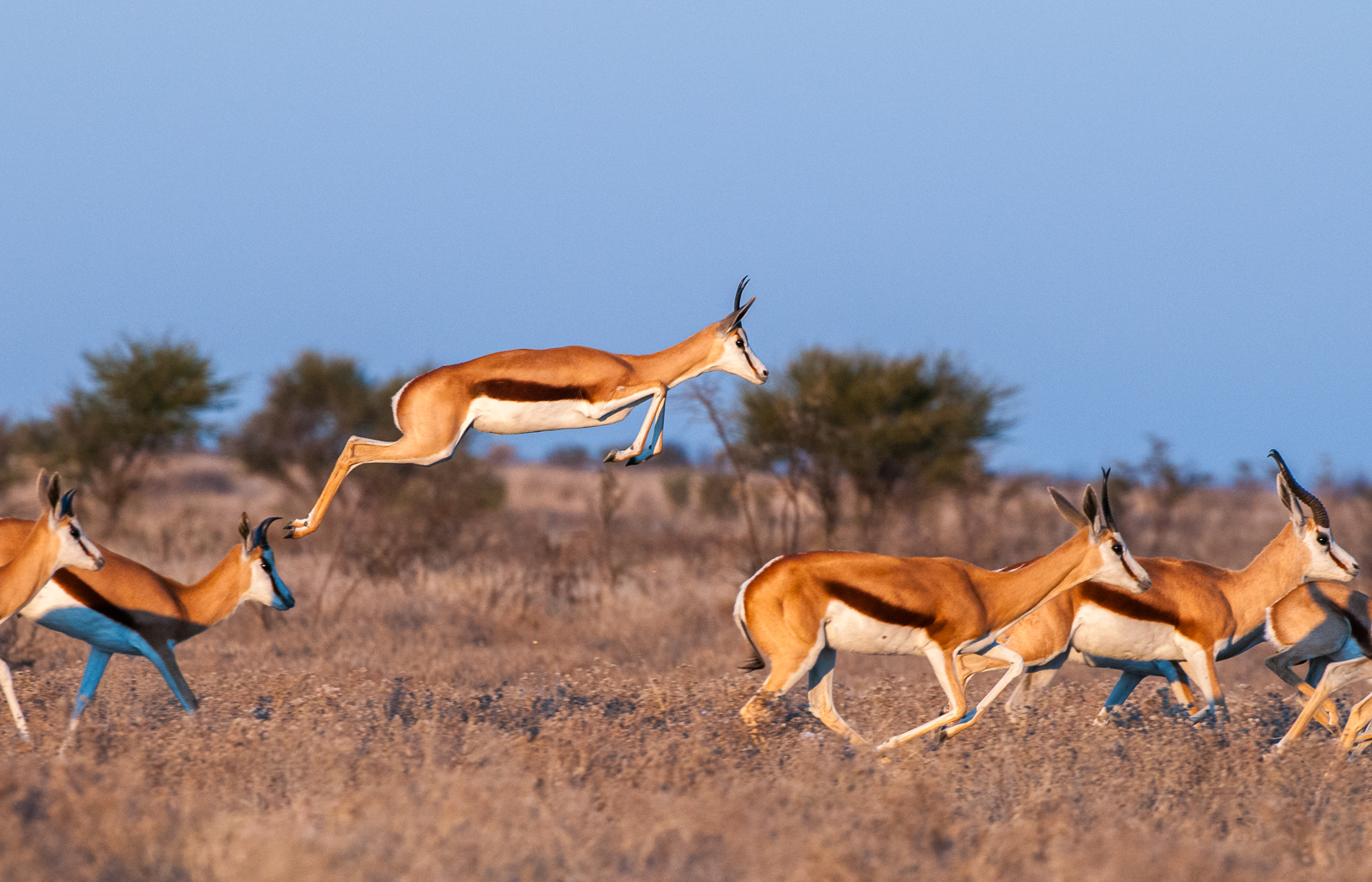 Pronking is the springbok’s signature move, a high, stiff-legged leap into the air. This dramatic display, where the animal can jump up to 13 feet, is thought to signal strength and agility to predators, discouraging pursuit. It may also serve as a form of play or social communication within the herd. With a flash of white from the flap of skin along its back and bursts of athletic energy, a pronking springbok is one of the most iconic sights on the African savanna. I photographed this one in the Kalahari Game Reserve of Botswana on my first trip to southern Africa in 2011. Nikon D300 with Nikkor 200-400mm lens (at 400mm) ISO 800, f/6.3 at 1/800th of a second.
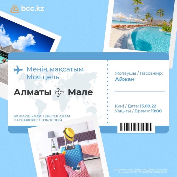 Біздің банк NurAi&CO туристік компаниясымен бірге #картакартаның клиенттері үшін ұтыс ойынын жариялайды – 19 жеңімпаз өз қалауы бойынша кез келген елге жолдама ұтып алады Ұтыс ойынына қатысу үшін #картакарта арқылы 3000 теңгеден басталатын сомаға кез келген сауда жасаңыз Талаптары: Ұтыс ойыны 10 тамыздан бастап 10 қазанға дейін өтеді Жеңімпаздар 13 қазанда тікелей эфир арқылы рандом әдісімен анықталады Төлемдеріңіздің саны тізімдегі қатысушылар санына тең болады. Көбірек төлем жасаған сайын, жеңімпаз атану мүмкіндігіңіз де артады 19 жеңім… — Читать дальше
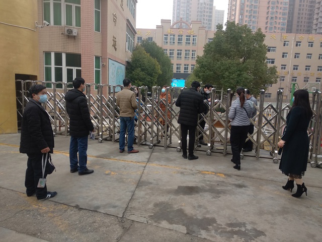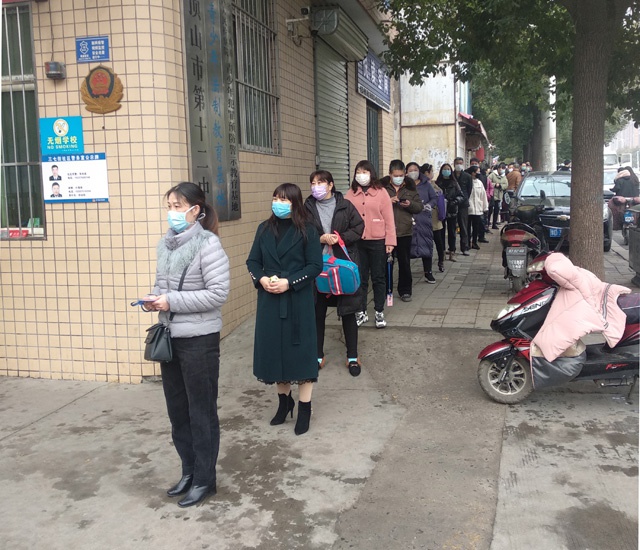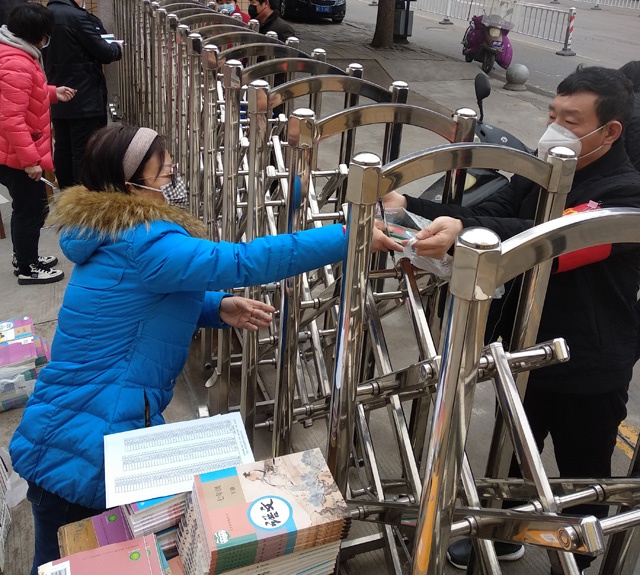 2月29日下午和3月1日全天,七、八、九年级的学生家长分别按预定时间段到学校门口领取教材。志愿者刘建兴、许凌菲、冯艳贞、闫国灿、刘三强、张春兰、朱国召、陈海勇等老师提前对校门口进行喷洒消毒并在校门口的东西两侧摆放两处桌凳和教材,按照预定分工,每处三名志愿者负责,一人负责记录(按名单划勾),一人配书发书,一人维持家长排队(家长在人行道上排队,每两人之间保持1.5米间距)。家长凭学生卡领取,领取教材之后快速离开,整个发放过程组织严密、井然有序,很好的避免了聚集,家长纷纷称赞:“这样领书,又快又安全,学校想的可真全面啊”。考虑到个别不能按时到场领取的家长,再单独约定时间,到校门口由值班人员转交并做好记录。
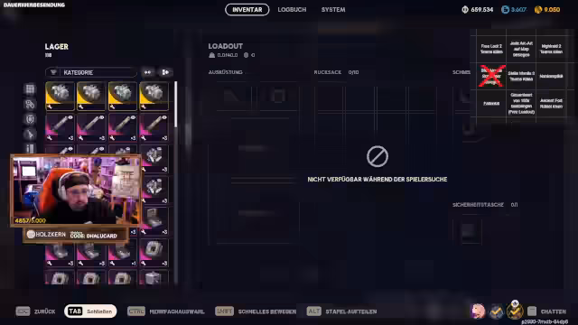 Inventarprobleme und erneuter Versuch für 150k Loot
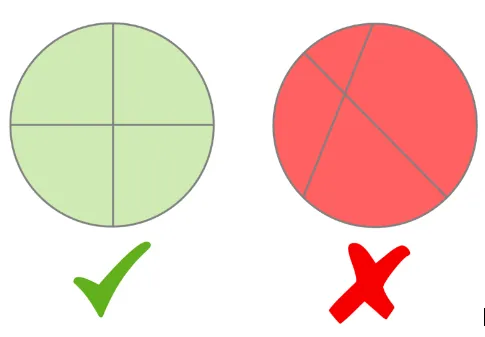 You can only have a fraction with equal parts. See the picture below. The circle on the left is divided into 4 equal sections. So, if we wanted 1 part of this circle, it would be ¼. However, the circle on the right is not in equal parts, so we cannot say one section is ¼.
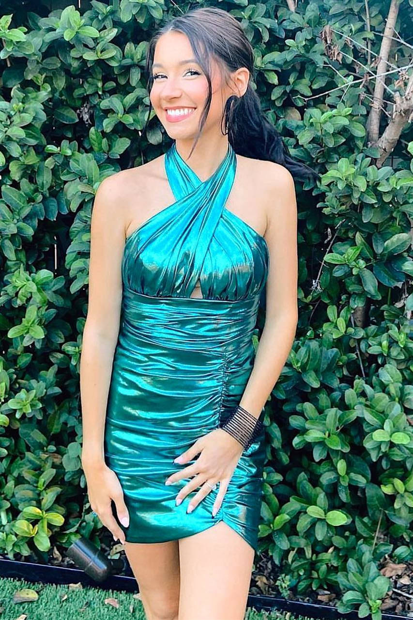 Cross Halter Fuchsia Pleated Bodycon Homecoming Dress
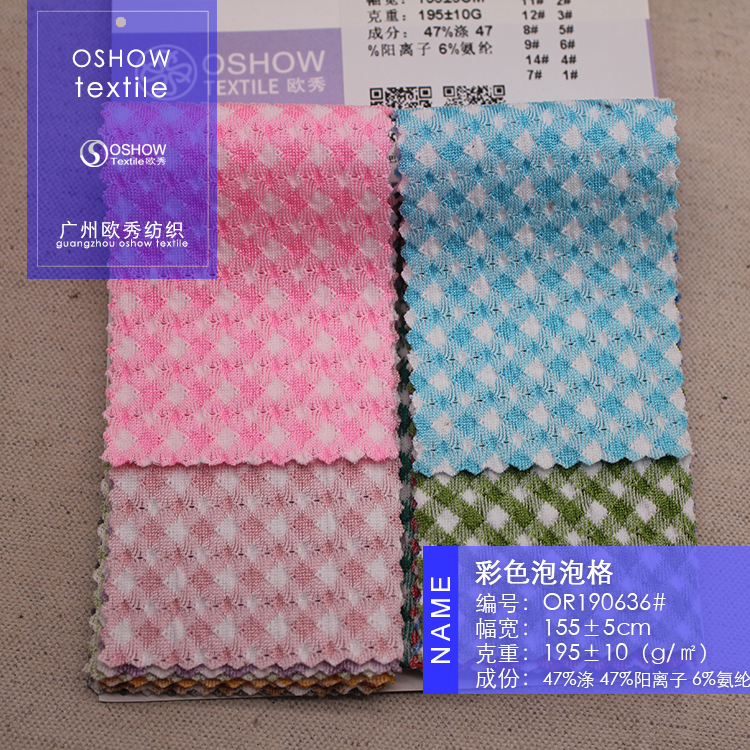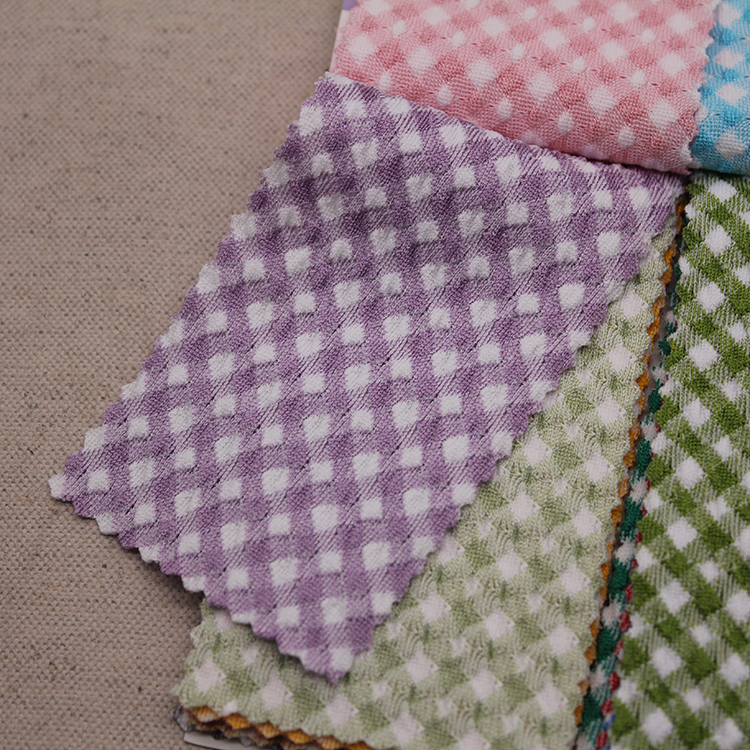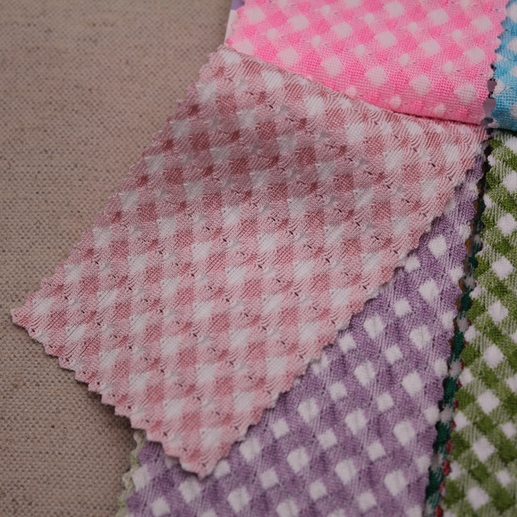 195克彩色格子弹力提花针织服装面料打底衫T恤背心裹胸连衣裙布料
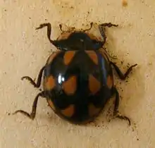 Coccinella leonina or as its common name of orange spotted ladybird suggests, has 16 yellow/orange spots on its black body,[1] with a squarish yellow/orange spot on both sides above the pronotum on the thorax[2] and then 14 other spots on its black elytra[3] which are larger and mostly separated by 1 mm diameter of the black background at the most.[2] The shade of these spots can vary on different beetles.[4] It also has a paler blotch above its eyes.[2] The legs and underside are black.[3] Its length typically varies between 4.5 and 5.5 mm long.[2][5] The elytra is an oval shape that is widest in the middle and the abdomen has slightly different shape between male and female. The abdomen is truncate in males and more rounded in females.[2] The orange spotted ladybird is a medium-sized ladybird which has a hemispheric shape.[6]
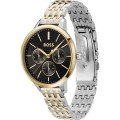 Diese Hugo Boss Uhr hat ein Edelstahl Gehäuse mit einem Durchmesser von 38 mm und ist mit einem Armband aus Edelstahl versehen. In der Uhr arbeitet ein Miyota Uhrwerk. Das Glas der Uhr besteht aus Mineral - Glas.
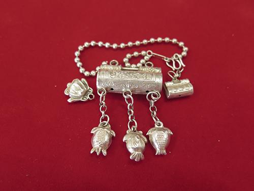 岳金波怀着对传统的敬畏与坚守,传承着师傅教授的那些经典纹样与形制,如百家锁和各种手链、手镯、耳环、吊坠、项链等。他还特别提到了几样富有地方特色的活计:“金心银胆”,一种用于建筑压土的器物;还有“银包狗牙”,按照民间辟邪的说法,在银皮上打出花样,包裹打磨好的狗牙,制成挂饰;甚至还有为逝者打制的“银舌头”(源于通海一种古老的习俗)。
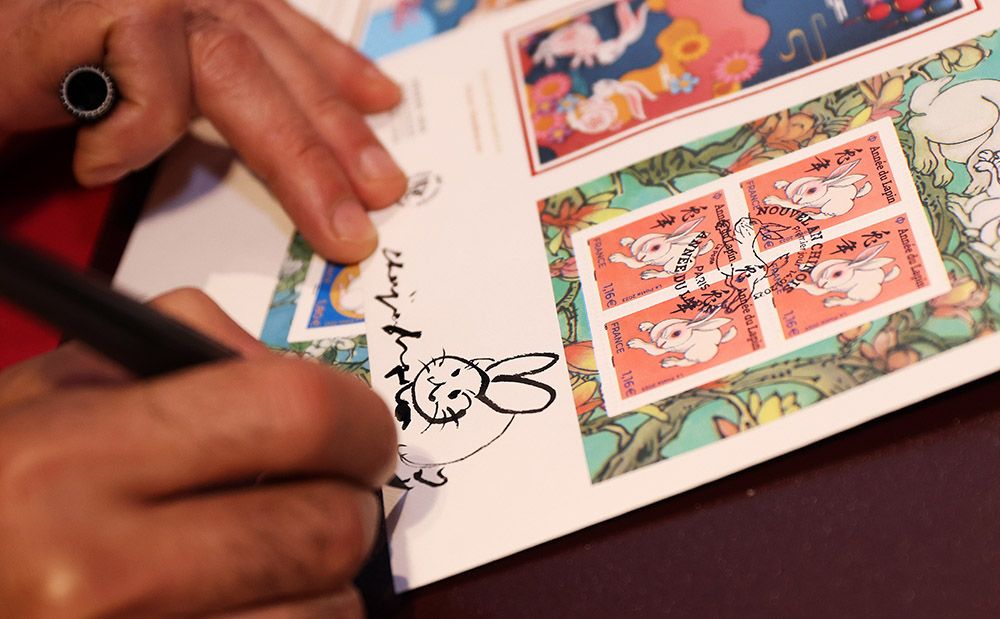 中国兔年生肖纪念邮票共两款,由法国华人艺术家陈江洪设计。(图片来源:新华社)
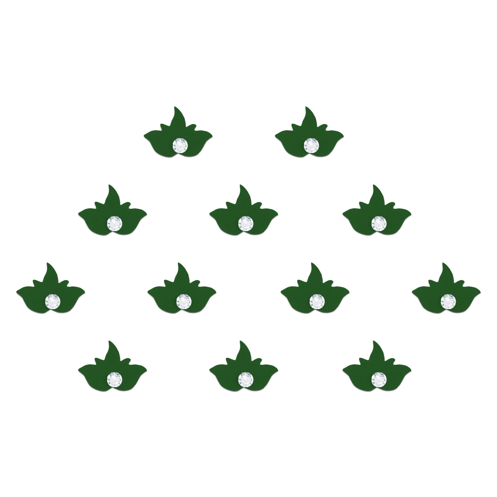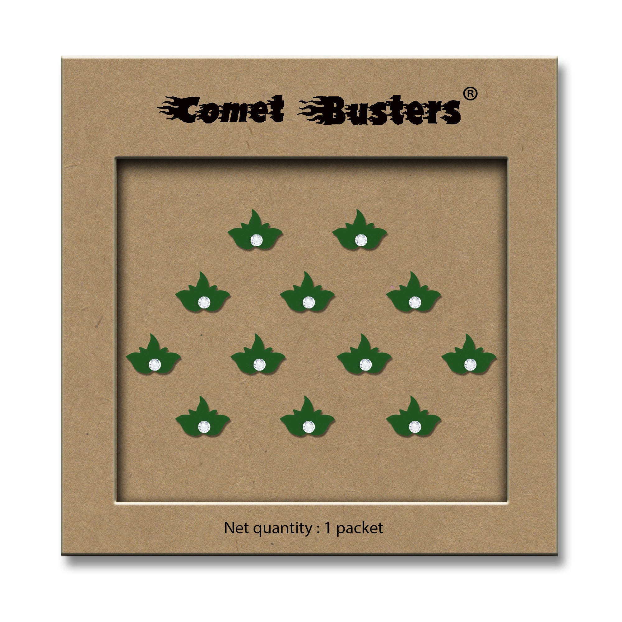 Comet Busters® Green Floral, Lotus – Velvet, Diamond – Handcrafted, Reusable & Skin-Friendly Bindis for Party Wear (6mm) – Forehead Bindi Stickers for Women & Girls – BIN2260
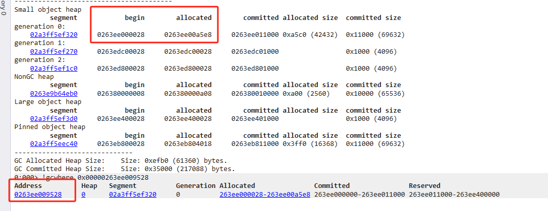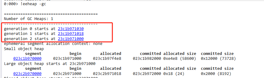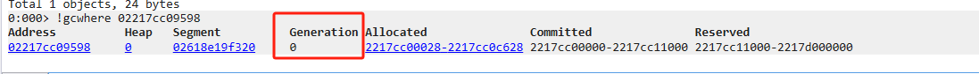 obj对象刚创建,为0代 第一次GC,obj升为1代 第二次GC,obj升为2代 代边界 细心的朋友会发现一个盲点,就是obj刚刚创建的时候,0代内存起始点为0263ee000028,升为1代后,1代内存起始点也变为了0263ee000028,2代也同样。
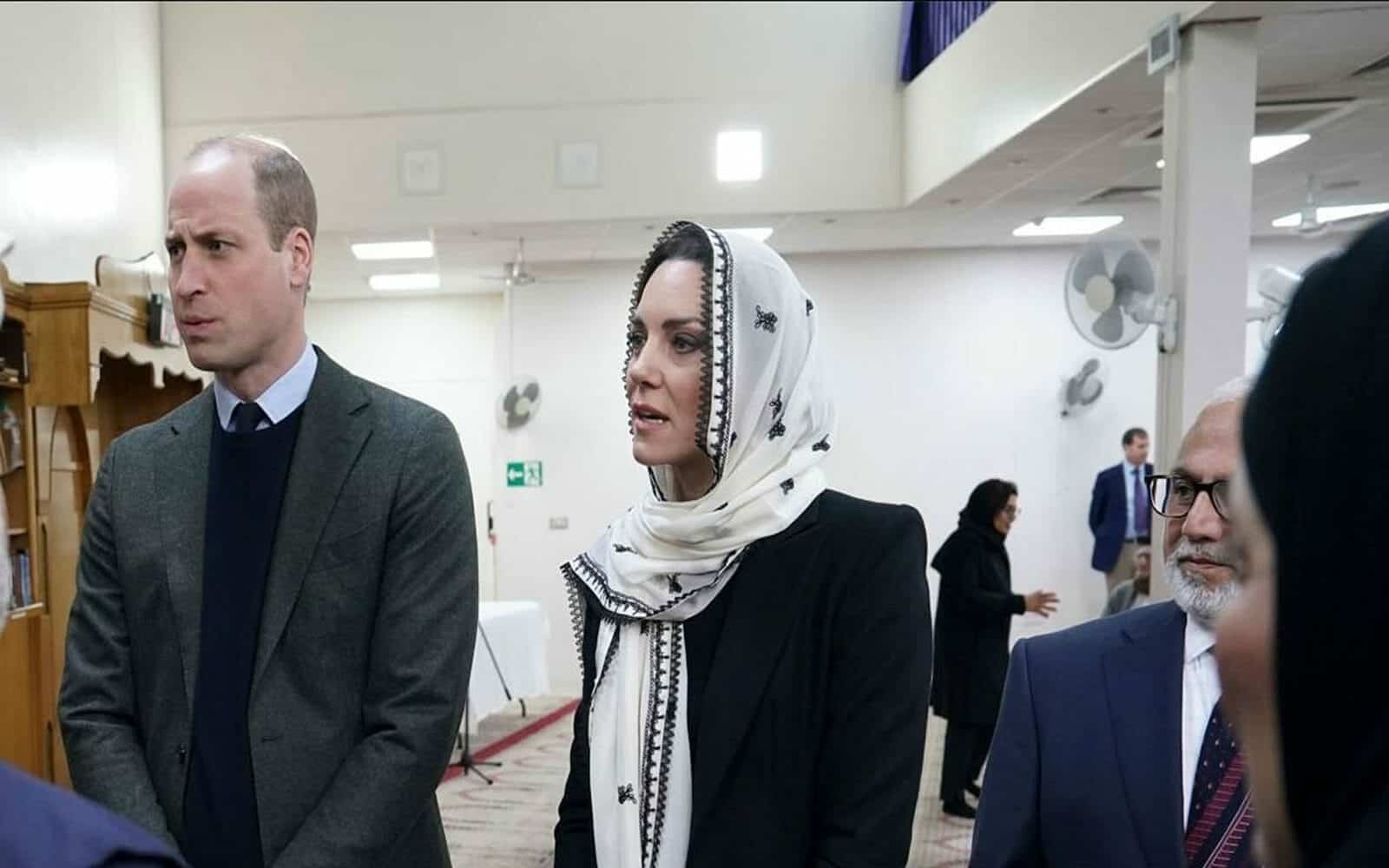 وكدليل على الاحترام، خلع أميرا ويلز أحذيتَهم، وغطت كيت، من جانبها، رأسها بحجاب أسود وأبيض من ماركة إيلان الباكستانية، بلمسة عربية، وهو جزء من مجموعة ارتدتها زوجة ملك إنجلترا المستقبلي بالفعل في رحلة عام 2019.

__Problem to solve__
The whole listing above is to be repeated exactly, apart from its pictures.

__The completed task__
 Pronking is the springbok’s signature move, a high, stiff-legged leap into the air. This dramatic display, where the animal can jump up to 13 feet, is thought to signal strength and agility to predators, discouraging pursuit. It may also serve as a form of play or social communication within the herd. With a flash of white from the flap of skin along its back and bursts of athletic energy, a pronking springbok is one of the most iconic sights on the African savanna. I photographed this one in the Kalahari Game Reserve of Botswana on my first trip to southern Africa in 2011. Nikon D300 with Nikkor 200-400mm lens (at 400mm) ISO 800, f/6.3 at 1/800th of a second.
 Біздің банк NurAi&CO туристік компаниясымен бірге #картакартаның клиенттері үшін ұтыс ойынын жариялайды – 19 жеңімпаз өз қалауы бойынша кез келген елге жолдама ұтып алады Ұтыс ойынына қатысу үшін #картакарта арқылы 3000 теңгеден басталатын сомаға кез келген сауда жасаңыз Талаптары: Ұтыс ойыны 10 тамыздан бастап 10 қазанға дейін өтеді Жеңімпаздар 13 қазанда тікелей эфир арқылы рандом әдісімен анықталады Төлемдеріңіздің саны тізімдегі қатысушылар санына тең болады. Көбірек төлем жасаған сайын, жеңімпаз атану мүмкіндігіңіз де артады 19 жеңім… — Читать дальше
 2月29日下午和3月1日全天,七、八、九年级的学生家长分别按预定时间段到学校门口领取教材。志愿者刘建兴、许凌菲、冯艳贞、闫国灿、刘三强、张春兰、朱国召、陈海勇等老师提前对校门口进行喷洒消毒并在校门口的东西两侧摆放两处桌凳和教材,按照预定分工,每处三名志愿者负责,一人负责记录(按名单划勾),一人配书发书,一人维持家长排队(家长在人行道上排队,每两人之间保持1.5米间距)。家长凭学生卡领取,领取教材之后快速离开,整个发放过程组织严密、井然有序,很好的避免了聚集,家长纷纷称赞:“这样领书,又快又安全,学校想的可真全面啊”。考虑到个别不能按时到场领取的家长,再单独约定时间,到校门口由值班人员转交并做好记录。
 Inventarprobleme und erneuter Versuch für 150k Loot
 You can only have a fraction with equal parts. See the picture below. The circle on the left is divided into 4 equal sections. So, if we wanted 1 part of this circle, it would be ¼. However, the circle on the right is not in equal parts, so we cannot say one section is ¼.
 Cross Halter Fuchsia Pleated Bodycon Homecoming Dress
 195克彩色格子弹力提花针织服装面料打底衫T恤背心裹胸连衣裙布料
 Coccinella leonina or as its common name of orange spotted ladybird suggests, has 16 yellow/orange spots on its black body,[1] with a squarish yellow/orange spot on both sides above the pronotum on the thorax[2] and then 14 other spots on its black elytra[3] which are larger and mostly separated by 1 mm diameter of the black background at the most.[2] The shade of these spots can vary on different beetles.[4] It also has a paler blotch above its eyes.[2] The legs and underside are black.[3] Its length typically varies between 4.5 and 5.5 mm long.[2][5] The elytra is an oval shape that is widest in the middle and the abdomen has slightly different shape between male and female. The abdomen is truncate in males and more rounded in females.[2] The orange spotted ladybird is a medium-sized ladybird which has a hemispheric shape.[6]
 Diese Hugo Boss Uhr hat ein Edelstahl Gehäuse mit einem Durchmesser von 38 mm und ist mit einem Armband aus Edelstahl versehen. In der Uhr arbeitet ein Miyota Uhrwerk. Das Glas der Uhr besteht aus Mineral - Glas.
 岳金波怀着对传统的敬畏与坚守,传承着师傅教授的那些经典纹样与形制,如百家锁和各种手链、手镯、耳环、吊坠、项链等。他还特别提到了几样富有地方特色的活计:“金心银胆”,一种用于建筑压土的器物;还有“银包狗牙”,按照民间辟邪的说法,在银皮上打出花样,包裹打磨好的狗牙,制成挂饰;甚至还有为逝者打制的“银舌头”(源于通海一种古老的习俗)。
 中国兔年生肖纪念邮票共两款,由法国华人艺术家陈江洪设计。(图片来源:新华社)
 Comet Busters® Green Floral, Lotus – Velvet, Diamond – Handcrafted, Reusable & Skin-Friendly Bindis for Party Wear (6mm) – Forehead Bindi Stickers for Women & Girls – BIN2260
 obj对象刚创建,为0代 第一次GC,obj升为1代 第二次GC,obj升为2代 代边界 细心的朋友会发现一个盲点,就是obj刚刚创建的时候,0代内存起始点为0263ee000028,升为1代后,1代内存起始点也变为了0263ee000028,2代也同样。
 وكدليل على الاحترام، خلع أميرا ويلز أحذيتَهم، وغطت كيت، من جانبها، رأسها بحجاب أسود وأبيض من ماركة إيلان الباكستانية، بلمسة عربية، وهو جزء من مجموعة ارتدتها زوجة ملك إنجلترا المستقبلي بالفعل في رحلة عام 2019.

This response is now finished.